I think that I don’t get some of them, but that’s to be expected. I like the the consecutive Harry Potter entries, though. Stringing them together like that gives an extra incentive to go through the list – there’s a narrative, of sorts.
Thanks, Neil! You gave me a good idea of how to go about these lists in the future. Maybe I can also organize them topically, instead of having random observations?
out- Kia, in-Pontiac. out- letter press, in- silkscreen. out- red and green, in- orange and blue. out- focused internalization, in- interdisciplinary. out- personal, in- community.
Out – reading pricey new books that say nothing new; In – reading free out-of-copyright classics on an ereader.
Out – political apathy; In – strong and polarized political views.
Out – complaining that Toronto lacks culture; In – trying desperately to promote Toronto culture to save it from the Ford-axe.
Very impressive, Erin. And you’re right about the Approval Matrix, which is the only thing anyone reads down here. Hope all’s well up north.. David
These lists are seriously smart, and will be used by me to make people think I know things.

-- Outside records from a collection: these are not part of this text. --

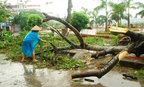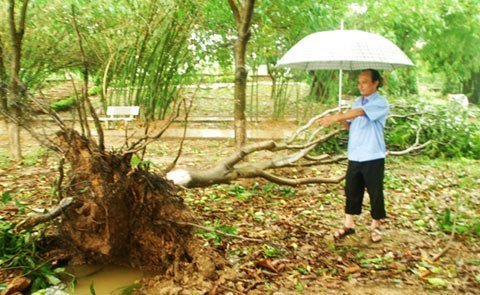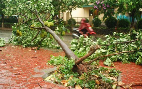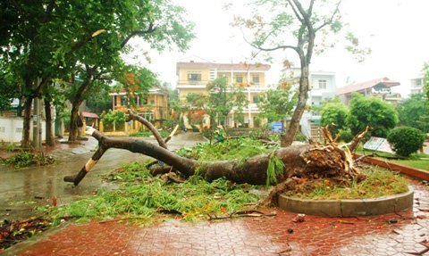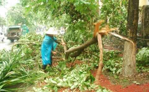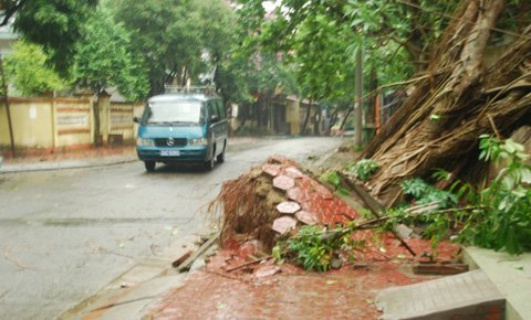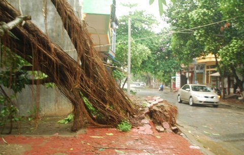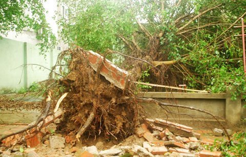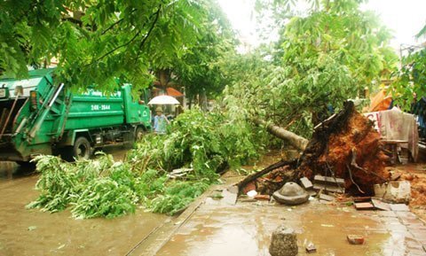 Mưa rất to, lượng mưa đo được tới gần 80mm làm nhão đất, lỏng các gốc cây, tiếp đến là lốc xoáy mạnh, giật từng cơn đã “nhổ trụi” hàng loạt cây xanh, đặc biệt là phượng vĩ, đa. Cây đa to ở phố Hồng Hà bị gió “nhấc bổng” cả chùm rễ, đổ nghiêng vào đường điện hạ thế, gây mất điện toàn thành phố đêm qua.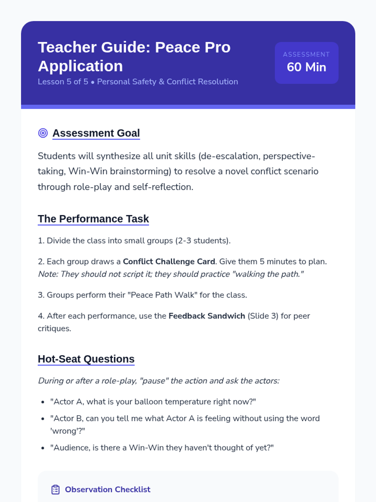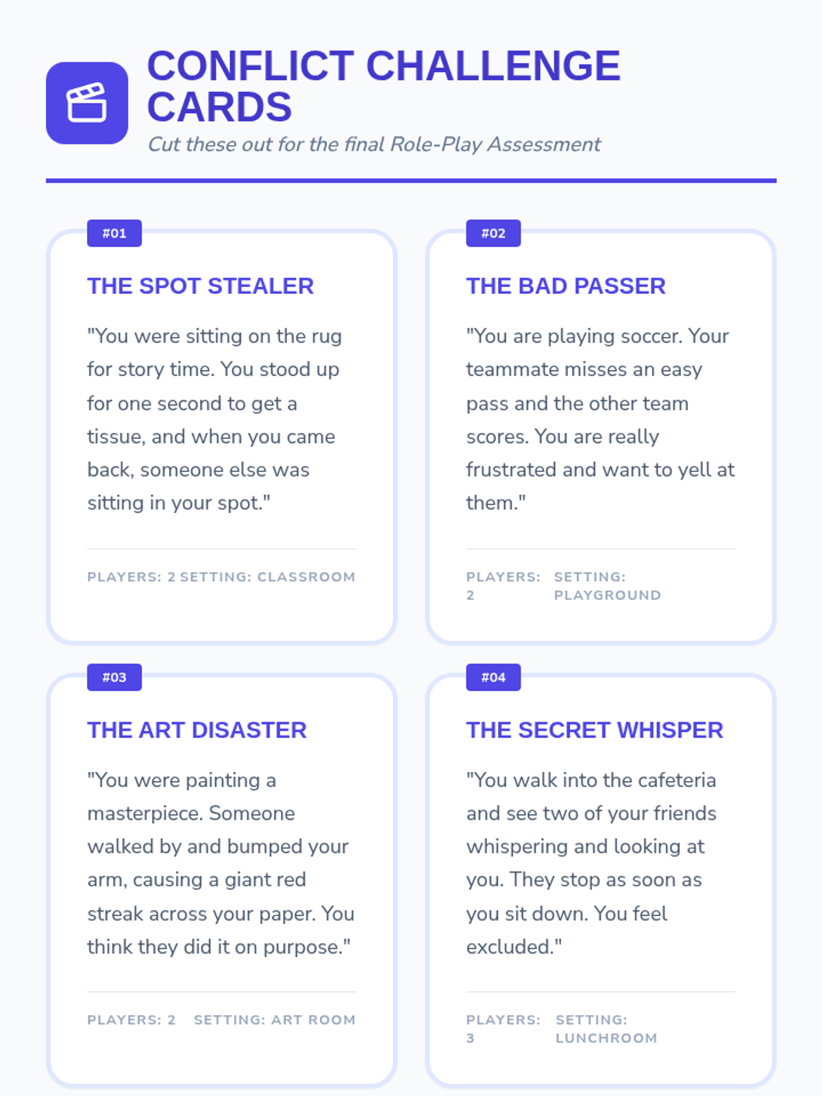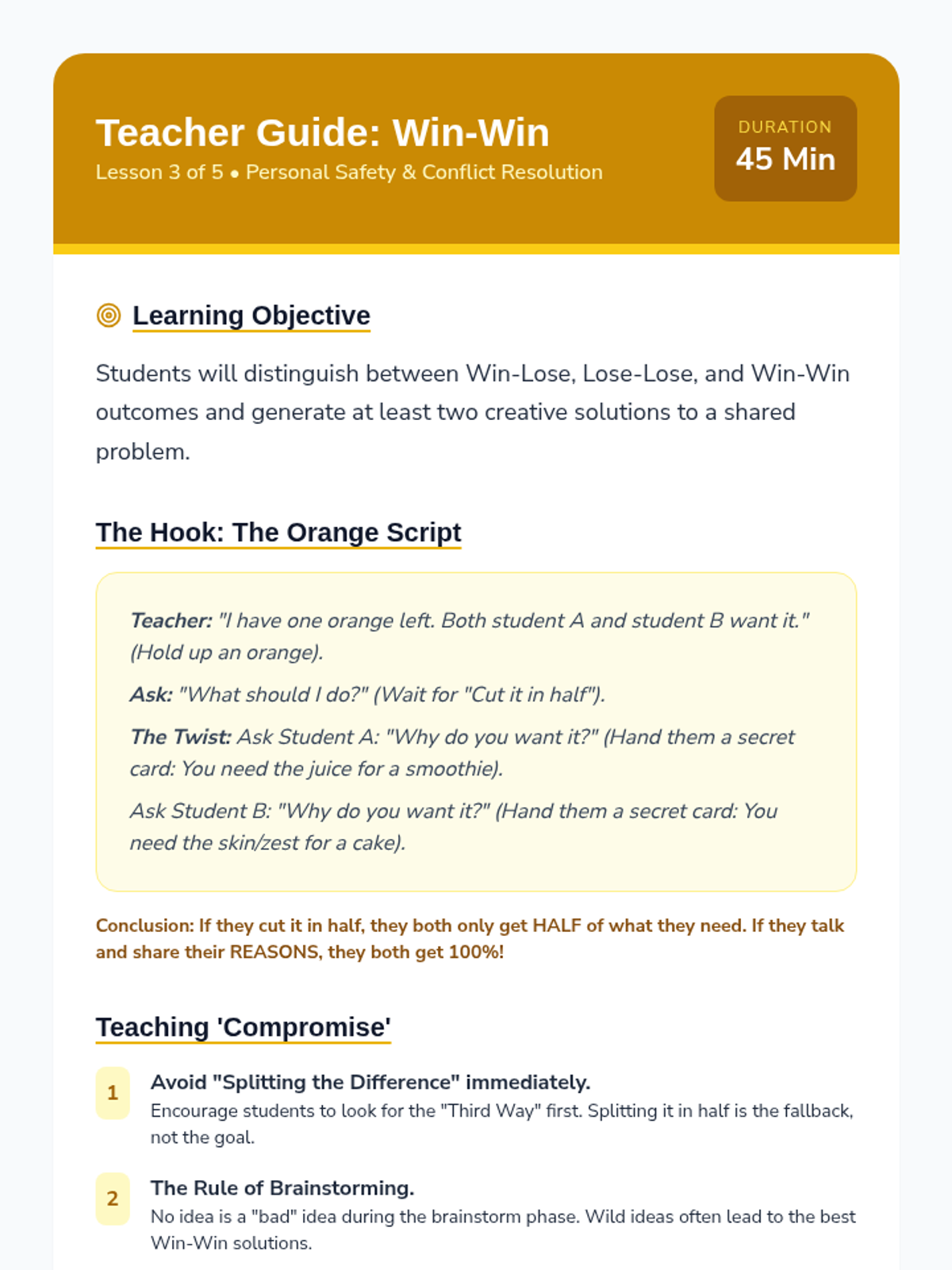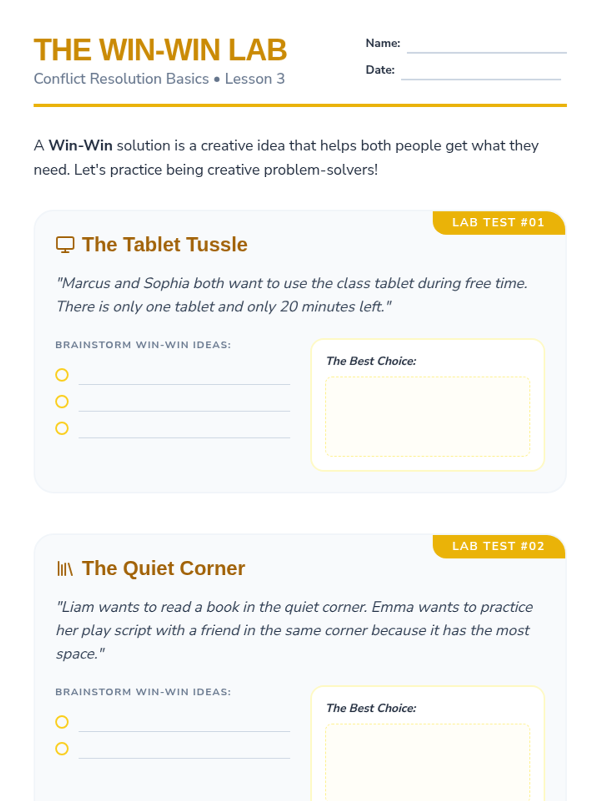 Students move from reactive emotional responses to proactive negotiation. They learn de-escalation, empathy through perspective-taking, and a structured 4-step 'Peace Path' to resolve playground and classroom conflicts independently.
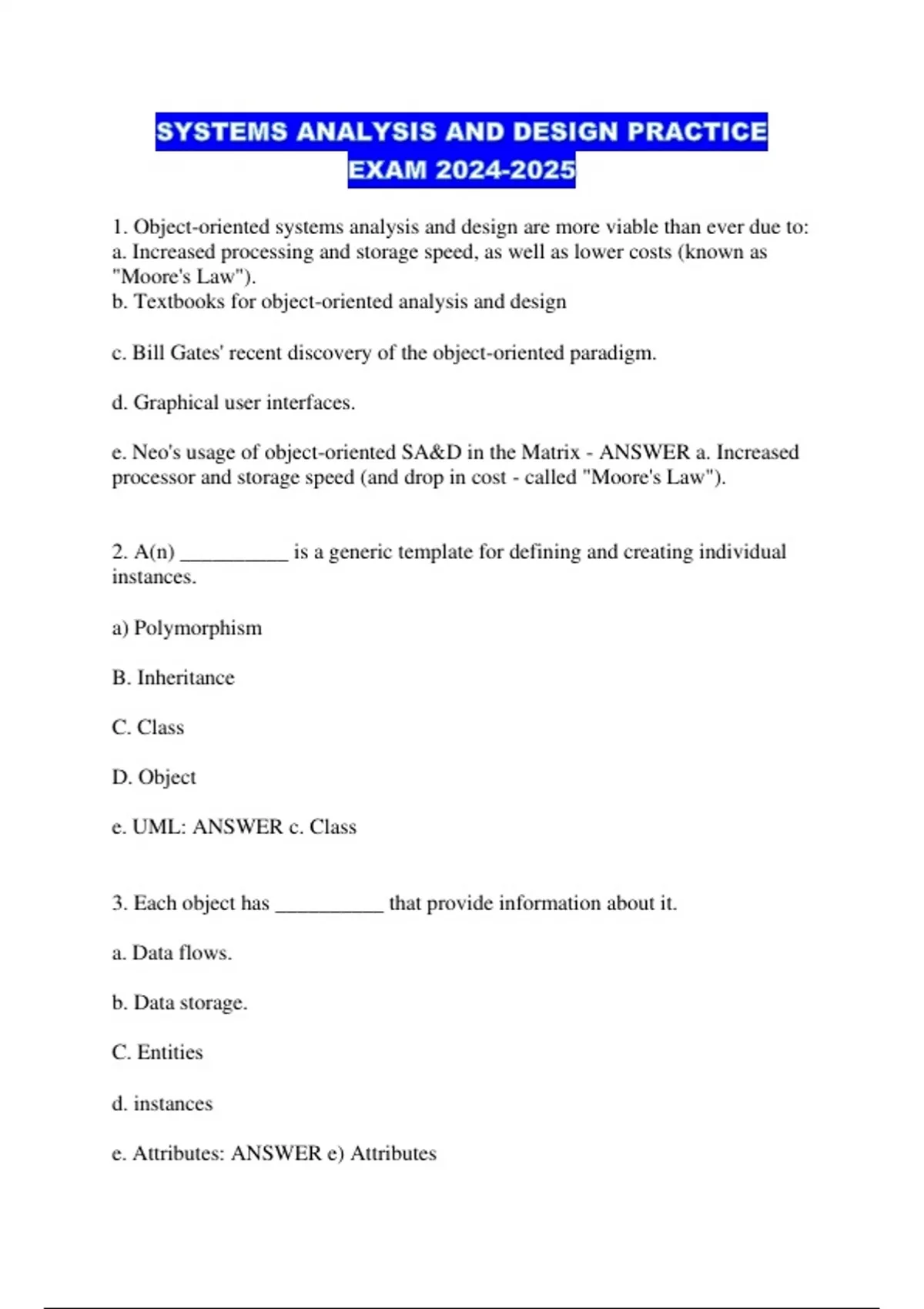 SYSTEMS ANALYSIS AND DESIGN PRACTICE EXAM ...

But I have a serious question on ultra high heels. I saw teenaged girls teetering around Glasgow in what looked like 7 inch heels last spring, no way of walking in them without sticking their bums out and bending forward from the waist, sometimes holding onto their boyfriends’ shoulders from behind to balance. The effect was, with the white flesh below the minute skirts, that they looked like enormous plucked chickens. I suppose the position was good for being sick from, but I couldn’t figure out how anyone can walk in those ultra high heels with any grace. Is the trick to plonk your foot down all at once as if it were hitting a magnetic plate? Who teaches stars how to teeter? What is the trick?
I actually saw some elegant Italian women last summer who were wearing flat cork soled sandals — with chic straps, but still, Birkenstocks dressed up as mules. Could what you call dignity REALLY be making inroads?
Fascinating discussion of shoes. I’m almost going to contradict myself with some crazy high heels, but first off, these are for the runway and the music video only. Not for slags or people you see in 3-D. Even Gaga was photographed falling down at Heathrow wearing immense platform shoes WITHOUT A HEEL by super avant-garde designer Noritaka Tatehana. I adore them. Gaga is galloping like a pony in photos in her Vanity Fair cover issue. She looks like a centaur. And then there are in the incredibly, head-explodingly cool ten-inch high “armadillo heels” from the Spring 2010 McQueen collection.
High heels require almost no arse so you get a plumb-line down the back, and not much of a bust. They are for stick people, to emphasize their stick figures. But they look trashy with jeans, despite current trends, and are dubious when your male escort is suddenly 3″ shorter than you: you both look bad, aesthetically though not politically.